> _How to complete this task_
Word-for-word transcription: reproduce all of the data, but not the pictures.

> _Dataset section_
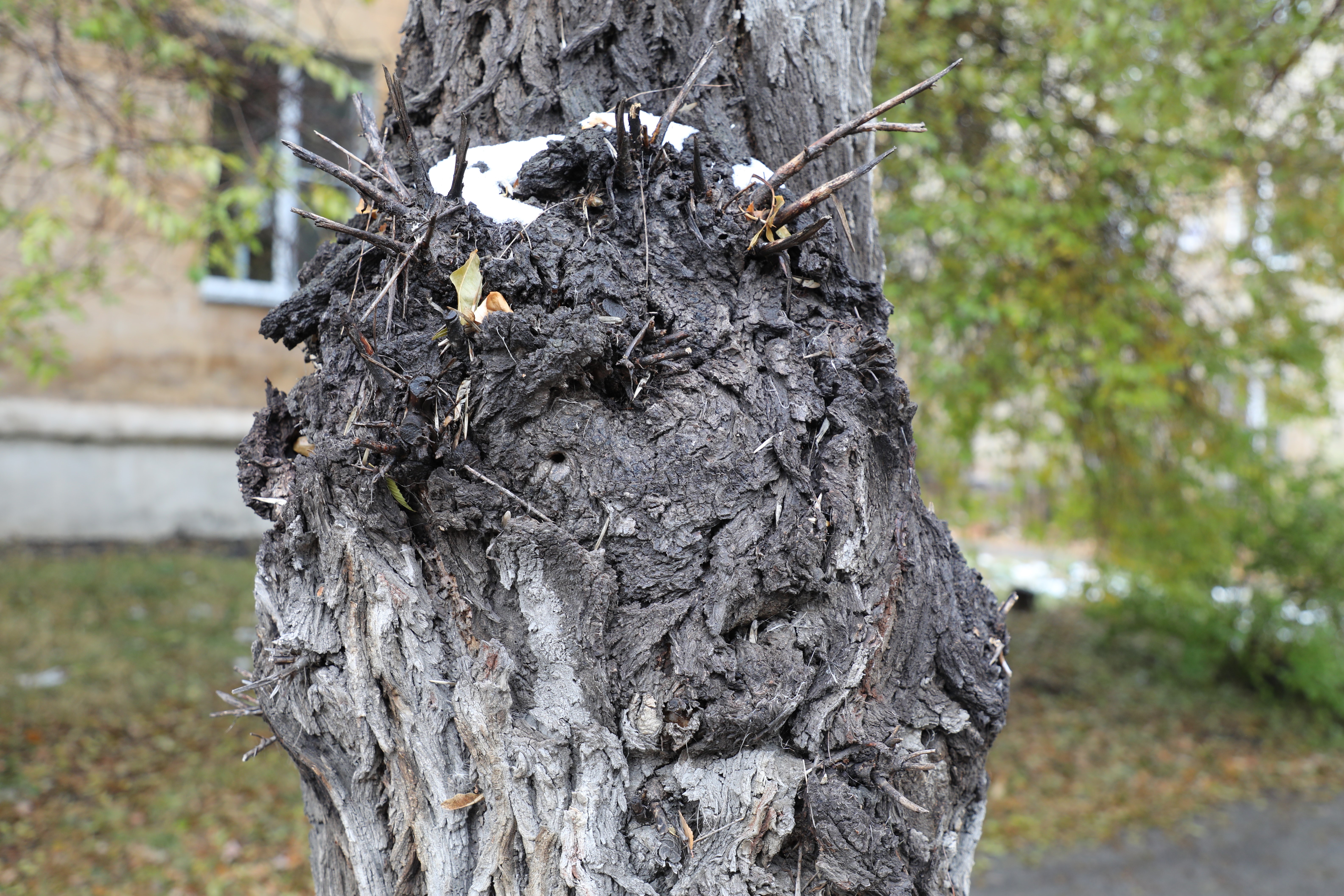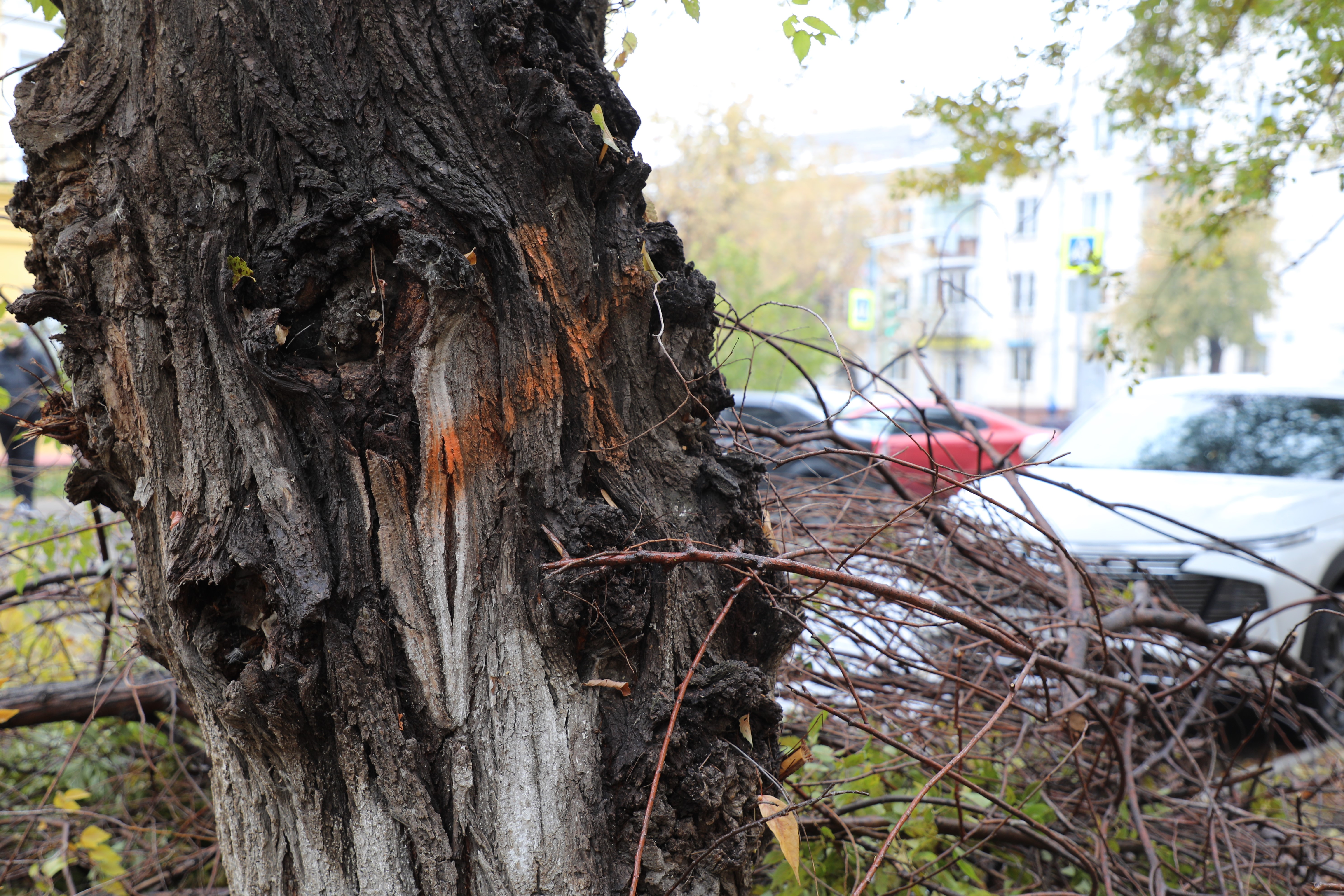 Действительно, внешний вид растений «кричит» о том, что деревья подлежат замене. Стволы имеют признаки усыхания и гниения, а при падении и вовсе рассыпаются.
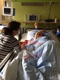 Micutul este vegheat de catre mama sa, sora Elenei HueanuTotul a inceput in primele zile ale lunii iunie, cand nepotelul ei in varsta de sase ani a avut unele probleme de sanatate si a ajuns la spital. “Voma tot ceea ce manca, avea febra si o stare de rau general. Sora mea a mers cu el la spital, in Germania, unde locuieste si, initial, i s-a administrat un tratament usor. Pentru ca problemele au persistat, a doua zi, copilul a ajuns din nou la medic. Din acel moment a inceput calvarul nostru. I s-au facut analize medicale de sange si asa i s-a descoperit leucemia. A fost un soc pentru noi toti, pana atunci el fusese un copil energic si sanatos tun. Boala a avut insa o evolutie galopanta si in scurt timp a intrat in coma si vreme de doua zile am crezut ca il pierdem. Parea ireal ceea ce se intampla in familia mea”, a povestit cu lacrimi in ochi si vocea innodata de emotii, Elena Hueanu.
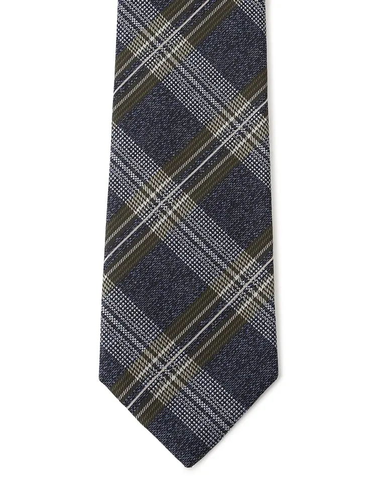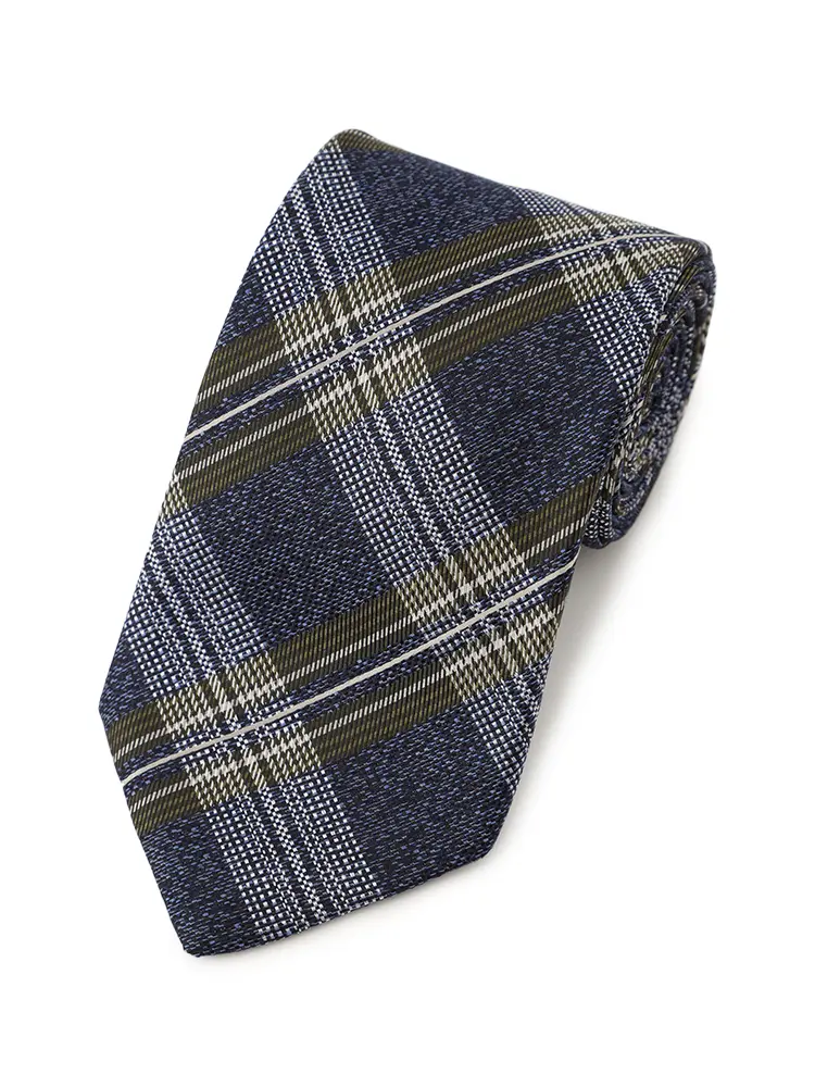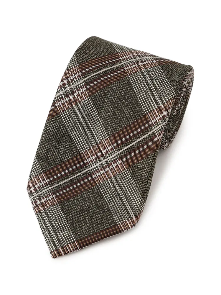 Vゾーンのアクセントとして活躍するチェック柄のネクタイ。
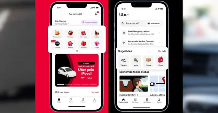 Na primeira fase, clientes do iFood passam a solicitar corridas da Uber diretamente pelo aplicativo. A partir de dezembro, o app da Uber também exibirá entregas de comida, mercado e outros itens sob a operação do novo parceiro. O recurso já está disponível para parte dos usuários em Belo Horizonte. A expansão vai ocorrer gradualmente até o fim de janeiro de 2026.

> _Solution to the problem_
 Действительно, внешний вид растений «кричит» о том, что деревья подлежат замене. Стволы имеют признаки усыхания и гниения, а при падении и вовсе рассыпаются.
 Micutul este vegheat de catre mama sa, sora Elenei HueanuTotul a inceput in primele zile ale lunii iunie, cand nepotelul ei in varsta de sase ani a avut unele probleme de sanatate si a ajuns la spital. “Voma tot ceea ce manca, avea febra si o stare de rau general. Sora mea a mers cu el la spital, in Germania, unde locuieste si, initial, i s-a administrat un tratament usor. Pentru ca problemele au persistat, a doua zi, copilul a ajuns din nou la medic. Din acel moment a inceput calvarul nostru. I s-au facut analize medicale de sange si asa i s-a descoperit leucemia. A fost un soc pentru noi toti, pana atunci el fusese un copil energic si sanatos tun. Boala a avut insa o evolutie galopanta si in scurt timp a intrat in coma si vreme de doua zile am crezut ca il pierdem. Parea ireal ceea ce se intampla in familia mea”, a povestit cu lacrimi in ochi si vocea innodata de emotii, Elena Hueanu.
 Vゾーンのアクセントとして活躍するチェック柄のネクタイ。
 Na primeira fase, clientes do iFood passam a solicitar corridas da Uber diretamente pelo aplicativo. A partir de dezembro, o app da Uber também exibirá entregas de comida, mercado e outros itens sob a operação do novo parceiro. O recurso já está disponível para parte dos usuários em Belo Horizonte. A expansão vai ocorrer gradualmente até o fim de janeiro de 2026.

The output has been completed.